Just two months ago, the pollster reported Giannoulias had an eight point lead. But since early February, Congressman Kirk and the Illinois Republican Party have unleashed a relentless internet/e-mail campaign focused on the democrat's family-owned Broadway Bank where Giannoulias was chief loan officer before his statewide election in 2006. Not only is the bank on the verge of failure because of bad commercial real estate loans, Kirk and his surrogates allege Giannoulias authorized other loans to organized crime figures and convicted felons.

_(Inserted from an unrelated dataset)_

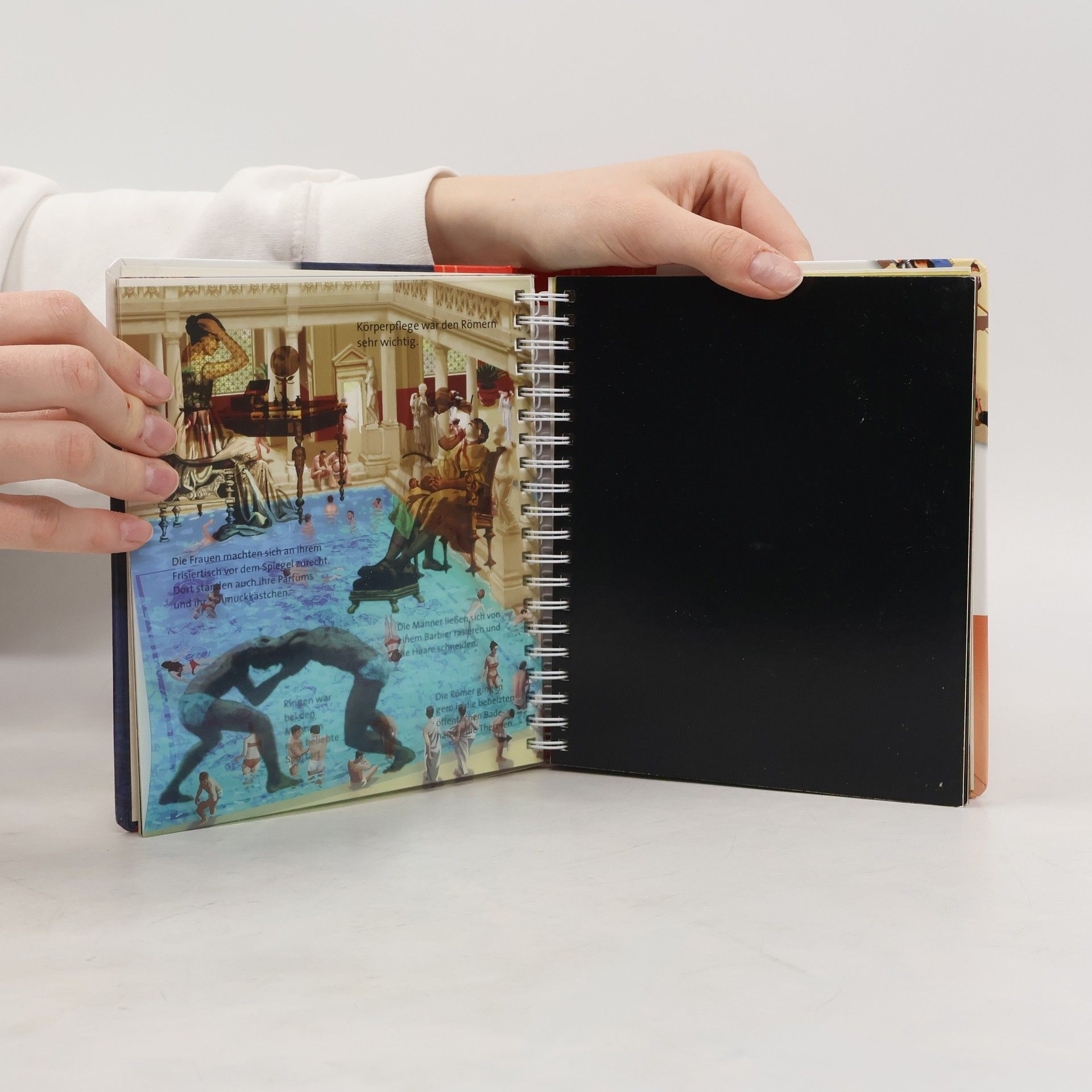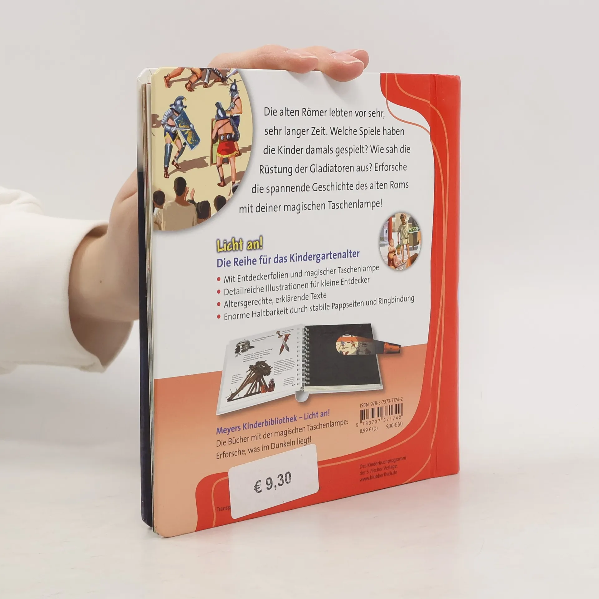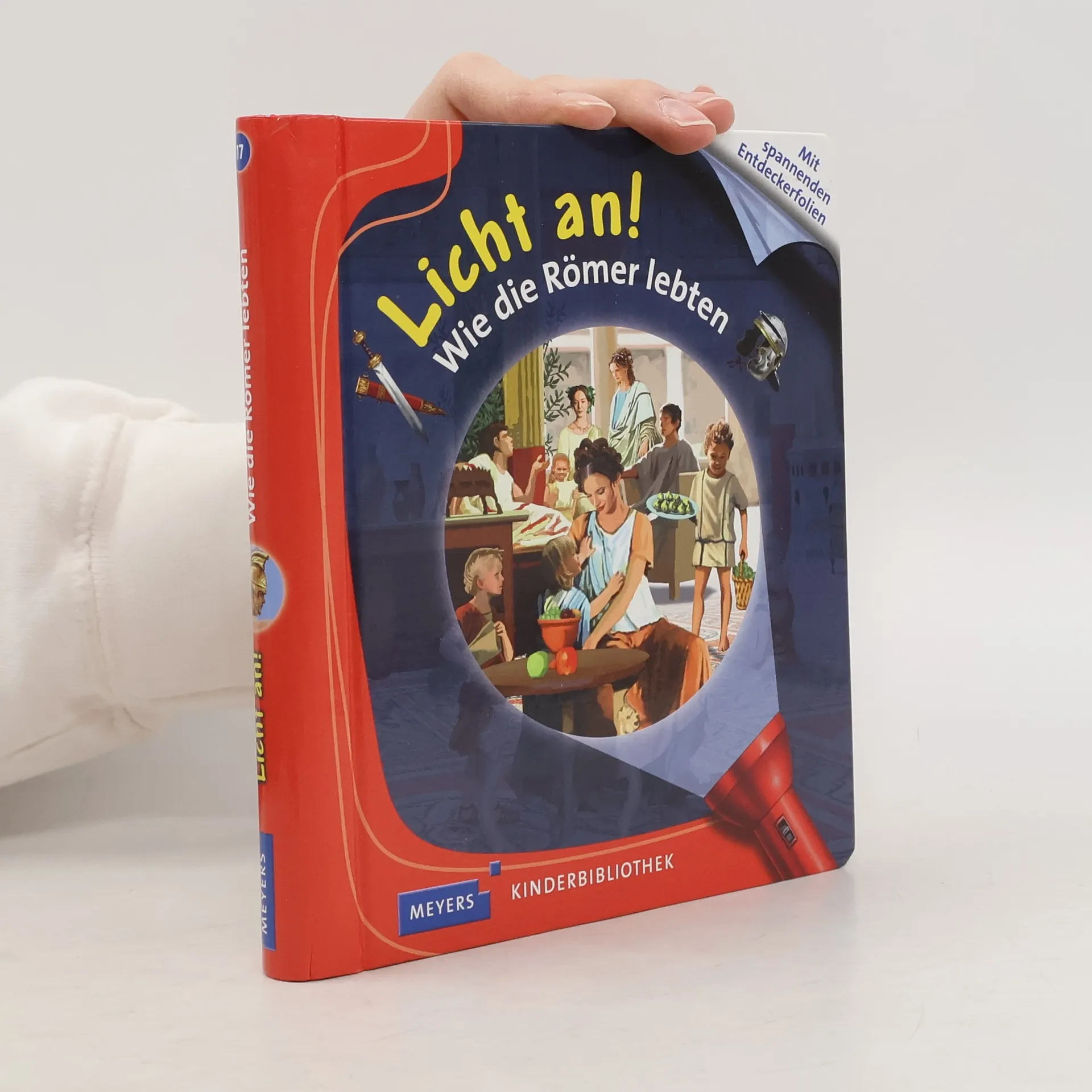 ***Meyers Kinderbiblitohek LICHT AN – die Reihe für das Kindergartenalter*** In der spannenden Sachbilderbuchreihe »Meyers Kinderbibliothek – Licht an!« entdecken Kinder, was normalerweise im Dunkeln liegt. Mit der beiliegenden »Taschenlampe« aus Papier können die kleinen Forscher unter den Entdeckerfolien gezielt bunte Szenen beleuchten und in verborgene Welten eintauchen. Ein außergewöhnlicher Einblick in den Alltag im alten Rom. Wohin gingen die Römer, um sich zu waschen? Wo konnte man Gladiatoren und wilde Tiger kämpfen sehen? Und was ist ein Aquädukt? Die magische Taschenlampe beleuchtet bunt gefüllte Marktstände, prachtvolle Mosaikbilder und die eindrucksvollen Masken der Schauspieler im Amphitheater. + Mit Entdeckerfolien und magischer Taschenlampe + Detailreiche Illustrationen für kleine Entdecker + Altersgerechte, erklärende Texte + Enorme Haltbarkeit durch stabile Pappseiten und Ringbindung Bei Antolin gelistet

Earlier this month, the Giannoulias braintrust tried to tamp down the bank stories with a "controlled burn" strategy (See Precinct7, March 4, 2010) but one week later, a new fire erupted with the arrest of restauranteur Nick Giannis, Giannoulias' largest non-family campaign contributor (see Monday's post).
Also, expect the democrat's poll numbers to worsen with the likely federal shutdown of Broadway Bank later this month.
So far, as Giannoulias' favorables decline, the PPP survey indicates the percentage of "undecideds" in the electorate appears to be growing. In other words, the poll suggests voters in this overwhelmingly "blue" state might be deserting Giannoulias but are not immediately moving into Kirk's column.
No one wants to go on the record now, but some powerful Illinois democrats are whispering doubts about the wounded Giannoulias' ability to survive so many political cuts. And they wonder if there are more Nick Giannises out there who could further undermine the party's chance to keep President Barack Obama's former seat in the U.S. Senate. They look at the calendar and note that the general election is still seven months away and that Kirk does not appear to have significant traction among independent voters and the disillusioned democrats taking a pass on Alexi.
And another question: How is all of this affecting Giannoulias' ability to raise money?
You heard it here first: the independent and internal polling that measures this race in mid-May, presumably after the Broadway Bank fails, will be critical to what happens on the Democratic side of the 2010 Illinois U.S. Senate campaign.
If Alexi Giannoulias' numbers have fallen too far, he can expect some phone calls from Washington.